A Life Around Drugs

Hi my name is Ashlynn I'm 18.I have lived a life around drugs ever since I was four.My parents got divorced when I was five.The reason being was my father was using drugs and had been extremely violent with my mother, so you can understand why I wasn't really upset about this.When I was seven my mother met a man five years later become my step dad whom I love dearly.He had two children of his own.Both on drugs and both that have offered them to me in the past.When I was eleven my sister whom is 20 years older than me got a divorce from her husband of nine years the reason being because of drugs.When I was fifthteen I learn't that my older brother was on hard drugs also and had been for almost 2 years before anyone knew.I'm currently dealing with the man I love battling to stay clean in the horrible town that we live in.I just want everyone out there that have family members on drugs that they are not alone its hard to deal with but when you are at the end of your rope just remeber you are alsome first of all because GOD doesn't make anything bad and second because your not on drugs and you'rthe only hope the drug users have.If you're reading this and you're a drug user remeber your sister,daughter,son,mother,father,aunts,uncles,granparents,brother,wife,husband.or friends that your hurting and slowly killing.Also remeber how God is looking down on his creation.Sincerely a hurting sister,daughter,girlfriend,stepsister,and friend.
Hi Ashlynn,

Im sorry you have had such a bad time in your life and reading your post I feel your hurt. I must stress that you are totally free to express what you want in this forum and no-one will judge you, as you should not judge others.

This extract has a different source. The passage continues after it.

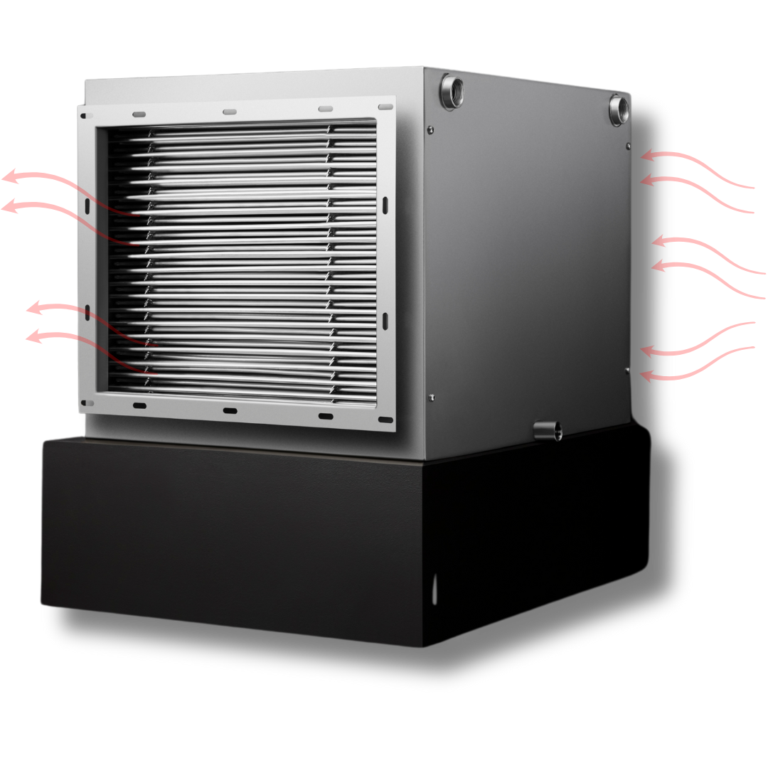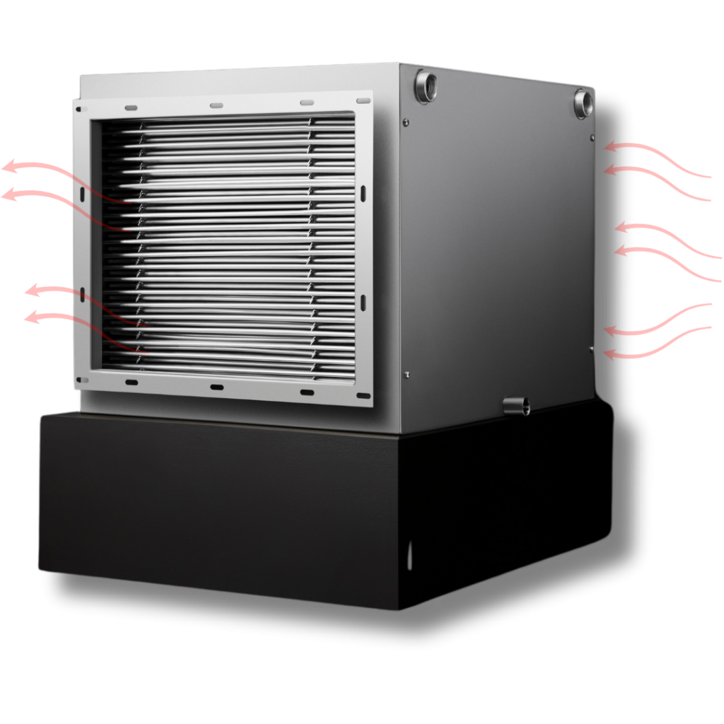 Unlike traditional heat exchangers that rely on tightly spaced fins, Lepido features a finless, open coil design that works with the natural flow of contaminated air.

But I want to put my side:
Everyone who uses drugs chooses at some stage to use that drug. But very soon it stops being a choice. This is addiction. Eventually your whole life revolves around your drug. All your friends do it. It becomes normal. Your drug becomes your whole world. When you hit that stage nothing else matters.
People who post here, like myself, have taken one of the most difficult decisions of our lives. To replace our whole life. To take away our life. To take away our drug.
And in the depths of our despair we try to rebuild our lives with what non-addicts call 'normal life'. To venture into the unknown.
I knew deep down that I was hurting those around me but the depression that comes with withdrawal and the paranoia I felt was enough to make me use again before I took that final step into suicide.
As I said, I am in no way judging you or condeming your opinion, I just want to give you my insight.
I hope and assume deep down your family aren't trying to hurt you, I never wanted to hurt anyone, and from your post it seems the area your from drug use is 'normal' which makes it so hard to break away.
Since I made the decision to quit, I have lost all but one friend (a non-addict), and am finding the loneliness hard to deal with.
You should be SO proud you stayed away from drugs and if you can let the people you love know you will support and help them if they decide to quit, maybe you could change things.
I send you strength, compassion, wisdom, bravery and hope.